Встретившись в Одессе с философом-материалистом, написавшим огромный трактат в опровержение идеи бога и бессмертия души, Пушкин с обычной для него потребностью расширять свои познания начинает «брать уроки» у этого «умного афея». Вольнодумство Пушкина, основанное на традициях французского просвещения с его компромиссными моментами «деизма», могло получить теперь новое углубление от вольных лекций мыслителя-англичанина, вероятно развивавшего перед ним критическую доктрину своих великих соотечественников. Из этих живых философских диалогов Пушкин вынес впечатление «чистого афеизма», то есть абсолютного, безусловного безверия, освобожденного от всех смягчающих оговорок и нейтрализующих уступок.

За год пребывания Пушкина в Одессе произошел ряд крупнейших политических событий, резко видоизменивших картину революционной борьбы на Западе. Под давлением Александра I весною 1823 года французская армия заняла мятежный Мадрид. 7 ноября Риэго был казнен, а восстановленный в своих королевских правах Фердинанд VII открыл режим правительственного террора. Вмешательство Австрии в итальянские дела быстро привело к ликвидации революционного строя в Неаполе и Пьемонте. В России аракчеевский режим приводит к разгрому университетов и печати.

Глубокое разочарование охватило молодое поколение. Революция казалась всюду поверженной. «Новорожденная свобода, вдруг онемев, лишилась сил», — мог повторить Пушкин свои стихи 1821 года о подавлении народных вольностей военным абсолютизмом Бонапарта.

В таком настроении, «смотря на запад Европы и вокруг себя», считаясь с разгромом испанских инсургентов и укреплением диктатуры Аракчеева, поэт дает скептическую оценку современному этапу освободительного движения, неумолимо сжатого тисками Священного союза. Нисколько не изменяя своим революционным убеждениям и не сомневаясь в конечном торжестве демократии, Пушкин в своем стихотворении «Свободы сеятель пустынный» со всей трезвостью и зоркостью констатирует текущий безотрадный момент борьбы, ее временное затишье и связанный с этим упадок боевых сил и устремлений. В творчестве его выдвигается тема огромного масштаба и трагической остроты, которая впоследствии получит глубокое развитие — это тема «неравной борьбы» (по позднейшей формуле самого поэта).

Но голос рассудка ни на мгновение не ослабляет в нем того чувства личной приверженности к молодой, восстающей, смело несущейся в будущее Европе, которое так выразительно сказалось в его юношеской политической лирике. «Что бы тебе ни говорили, — писал он в 1824 году одному из своих друзей, — ты не должен был верить, чтобы когда-нибудь сердце мое недоброжелательствовало благородным усилиям возрождающегося народа».

В том же настроении написан отрывок «Недвижный страж дремал на царственном пороге…» В стихотворении противопоставлены в лице Александра и Наполеона не только две основные силы, два главных имени международной политики того времени, но и два типа неограниченной власти.

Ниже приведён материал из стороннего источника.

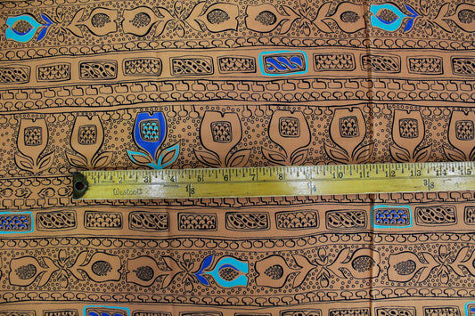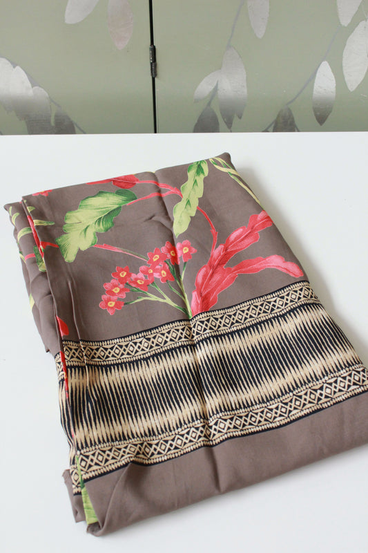 1980s Rayon Border Print In Taupe With Coral And Yellow Flowers 3.1 Yards

Владыке Севера с его безграничной мощью предстоит Владыка Запада:

Сей всадник, перед кем склонилися цари,
Мятежной Вольности наследник и убийца,
Сей хладный кровопийца,
Сей царь, исчезнувший, как сон, как тень зари.

Формула Пушкина исторически безошибочна: «наследник» французской революции Бонапарт был и ее «убийцей», — полководец республиканских армий перешел от освободительных войн революционной эпохи к завоевательным кампаниям императорского периода: в момент его столкновения с Александром нападающая Франция уже утратила преимущество исторической справедливости, которое перешло на сторону обороняющейся России, освободившей от иноземной тирании не только свою территорию, но и народы Запада. Пушкин отметил это в политических стихотворениях 1830 года (мы «нашей кровью искупили Европы вольность, честь и мир»).


4

В одесском обществе Пушкин отличал жену наместника Елизавету Ксаверьевну Воронцову, которая, видимо, тоже живо интересовалась знаменитым поэтом-изгнанником. Жизнерадостная, одаренная, культурная женщина, она любила искусство — музыку, живопись, театр, поэзию. Пушкин восхищался, как однажды, глядя на море, она повторяла строфу из баллады Жуковского:

Будешь с берега уныло
Ты смотреть: в пустой дали
Не белеет ли ветрило,
Не плывут ли корабли?

Целый цикл знаменитых стихотворений Пушкина связывается преданием с образом Воронцовой. Это «Сожженное письмо», «Талисман», «Ангел», «Все в жертву памяти твоей», «В последний раз твой образ милый», «Ненастный день потух», «Желанье славы», «Прозерпина». К ней же относятся строки из стихотворения «К морю»:

Могучей страстью очарован,
У берегов остался я…

Дочь юго-западного магната Ксаверия Браницкого, Воронцова охотно принимала у себя многочисленных представителей одесского польского общества. Потоцкие, Ржевуские, Понятовские, Собаньские, Ганские считали Одессу своим городом.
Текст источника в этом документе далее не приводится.